An exact transcription of every entry is required, with the images left out.

(Extracted data entries)
----------

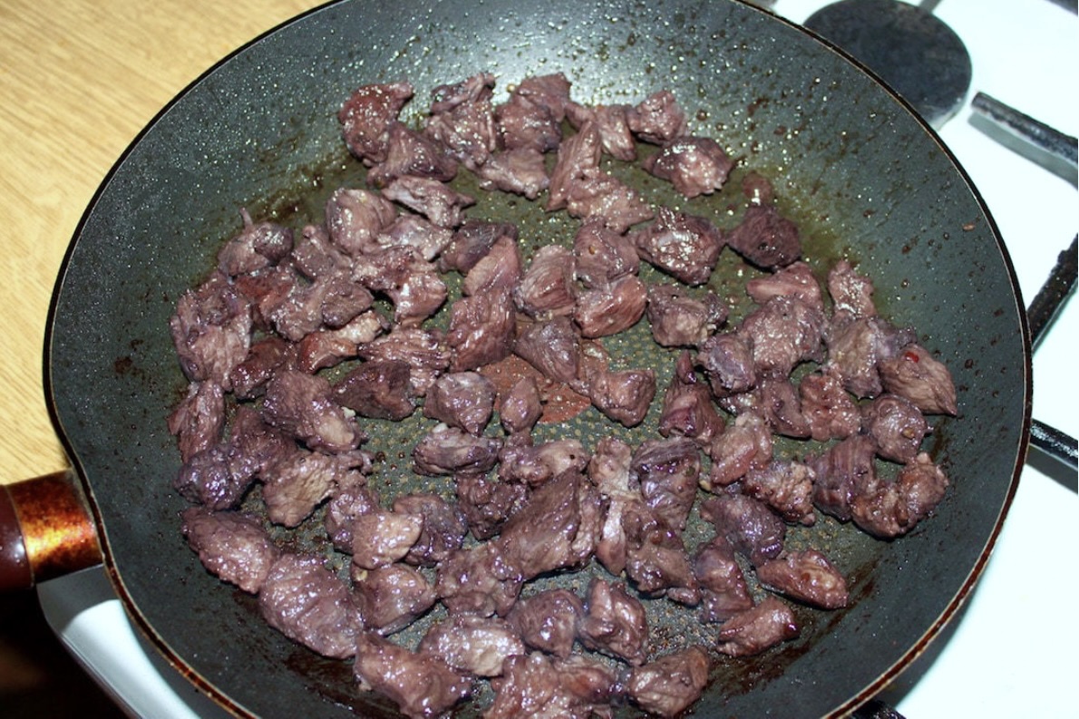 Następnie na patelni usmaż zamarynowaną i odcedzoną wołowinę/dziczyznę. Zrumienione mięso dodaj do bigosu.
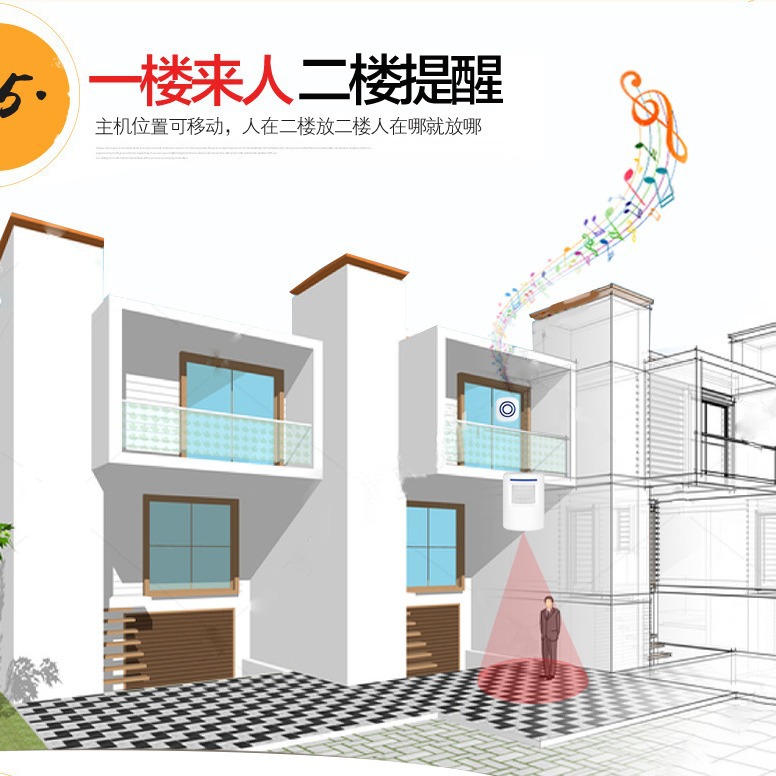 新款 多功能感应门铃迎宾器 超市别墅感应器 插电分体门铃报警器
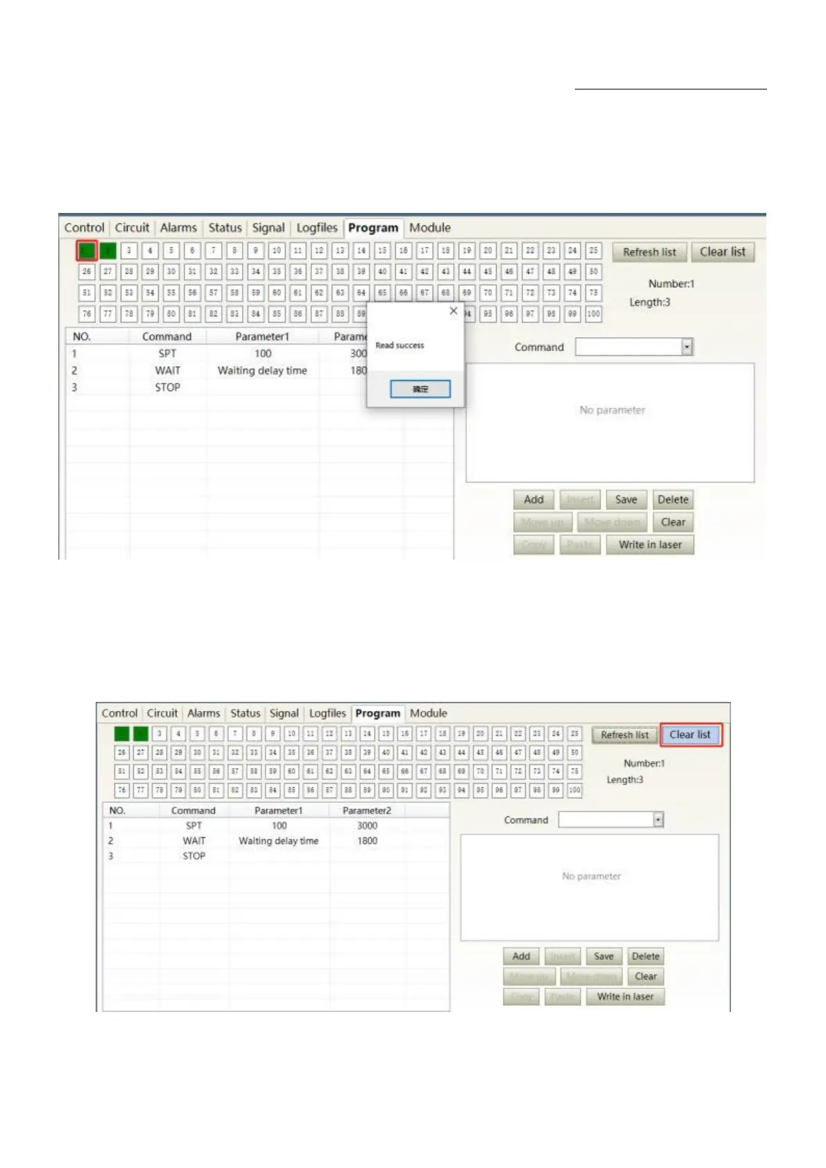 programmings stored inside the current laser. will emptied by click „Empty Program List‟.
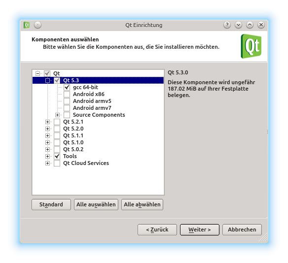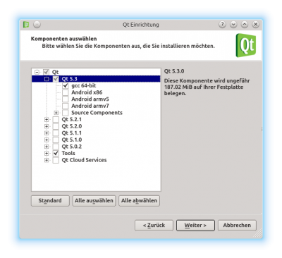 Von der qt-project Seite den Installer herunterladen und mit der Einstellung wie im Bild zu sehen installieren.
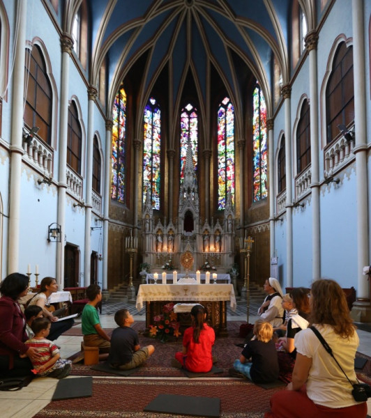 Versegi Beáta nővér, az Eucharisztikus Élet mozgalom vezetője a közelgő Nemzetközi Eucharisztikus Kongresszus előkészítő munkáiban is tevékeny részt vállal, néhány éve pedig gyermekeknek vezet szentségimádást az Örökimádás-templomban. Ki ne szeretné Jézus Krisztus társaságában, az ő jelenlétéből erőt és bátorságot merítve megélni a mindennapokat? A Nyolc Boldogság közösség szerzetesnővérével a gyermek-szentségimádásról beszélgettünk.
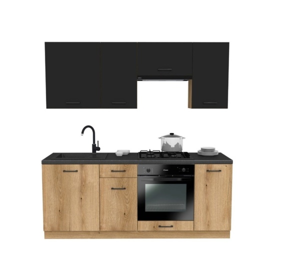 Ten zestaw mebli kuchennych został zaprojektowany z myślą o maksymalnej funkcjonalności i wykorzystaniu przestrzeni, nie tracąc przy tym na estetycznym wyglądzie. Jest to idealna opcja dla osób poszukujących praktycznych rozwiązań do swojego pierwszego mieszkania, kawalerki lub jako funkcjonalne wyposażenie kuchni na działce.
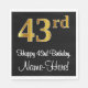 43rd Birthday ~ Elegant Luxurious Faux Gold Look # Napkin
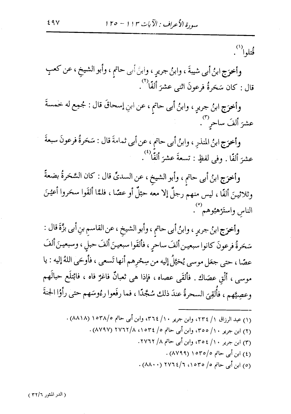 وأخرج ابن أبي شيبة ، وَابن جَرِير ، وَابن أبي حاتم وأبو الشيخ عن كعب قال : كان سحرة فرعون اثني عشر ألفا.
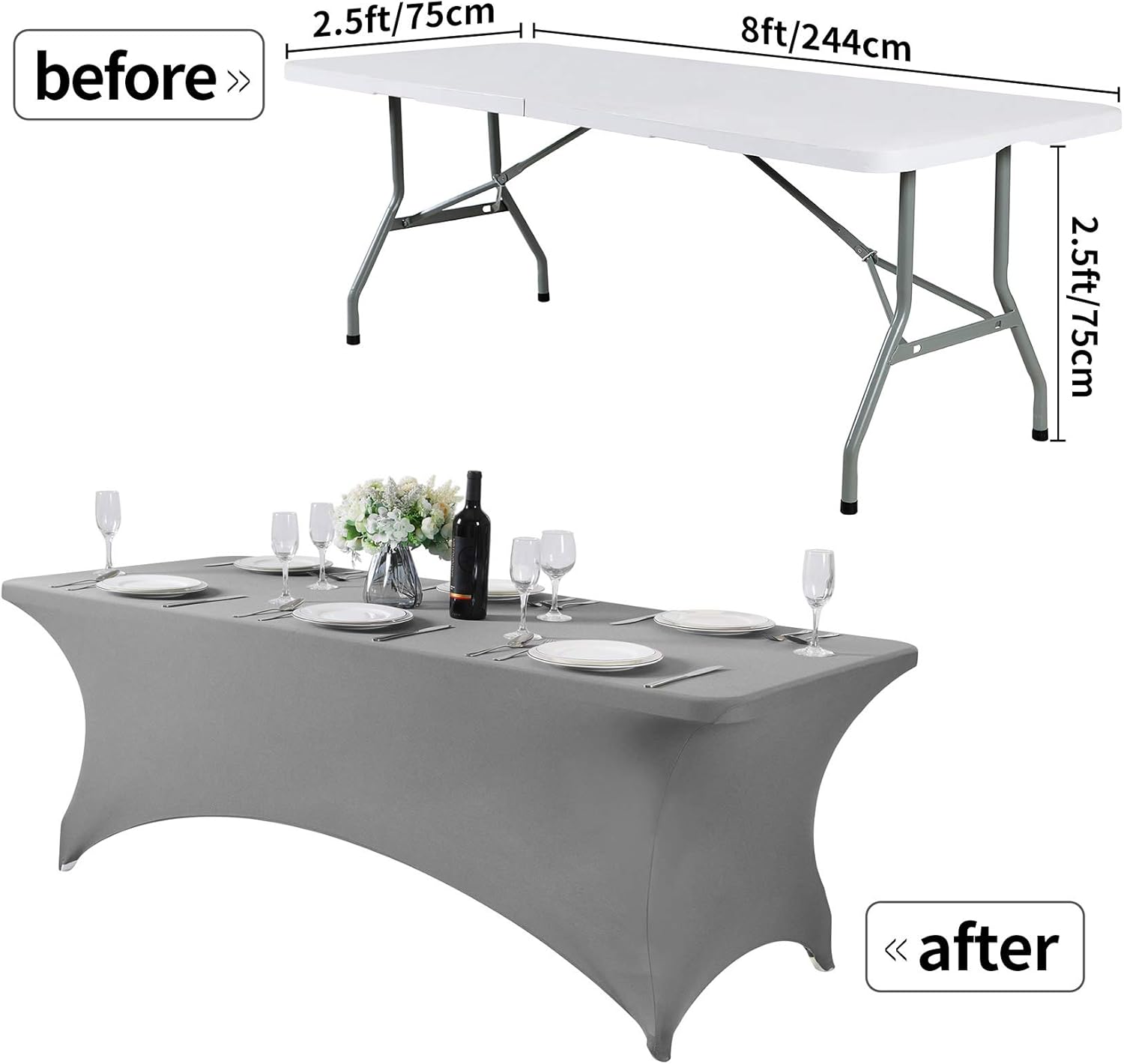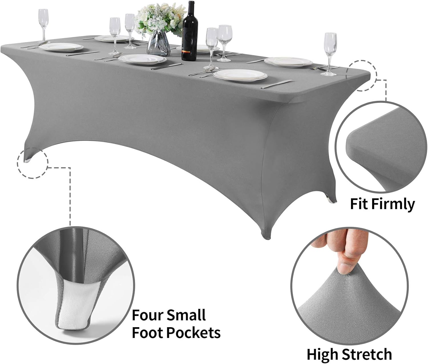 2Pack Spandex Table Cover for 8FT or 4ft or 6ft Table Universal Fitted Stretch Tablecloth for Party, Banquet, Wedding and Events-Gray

----------

**Response to this task:**
 Następnie na patelni usmaż zamarynowaną i odcedzoną wołowinę/dziczyznę. Zrumienione mięso dodaj do bigosu.
 新款 多功能感应门铃迎宾器 超市别墅感应器 插电分体门铃报警器
 programmings stored inside the current laser. will emptied by click „Empty Program List‟.
 Von der qt-project Seite den Installer herunterladen und mit der Einstellung wie im Bild zu sehen installieren.
 Versegi Beáta nővér, az Eucharisztikus Élet mozgalom vezetője a közelgő Nemzetközi Eucharisztikus Kongresszus előkészítő munkáiban is tevékeny részt vállal, néhány éve pedig gyermekeknek vezet szentségimádást az Örökimádás-templomban. Ki ne szeretné Jézus Krisztus társaságában, az ő jelenlétéből erőt és bátorságot merítve megélni a mindennapokat? A Nyolc Boldogság közösség szerzetesnővérével a gyermek-szentségimádásról beszélgettünk.
 Ten zestaw mebli kuchennych został zaprojektowany z myślą o maksymalnej funkcjonalności i wykorzystaniu przestrzeni, nie tracąc przy tym na estetycznym wyglądzie. Jest to idealna opcja dla osób poszukujących praktycznych rozwiązań do swojego pierwszego mieszkania, kawalerki lub jako funkcjonalne wyposażenie kuchni na działce.
 43rd Birthday ~ Elegant Luxurious Faux Gold Look # Napkin
 وأخرج ابن أبي شيبة ، وَابن جَرِير ، وَابن أبي حاتم وأبو الشيخ عن كعب قال : كان سحرة فرعون اثني عشر ألفا.
 2Pack Spandex Table Cover for 8FT or 4ft or 6ft Table Universal Fitted Stretch Tablecloth for Party, Banquet, Wedding and Events-Gray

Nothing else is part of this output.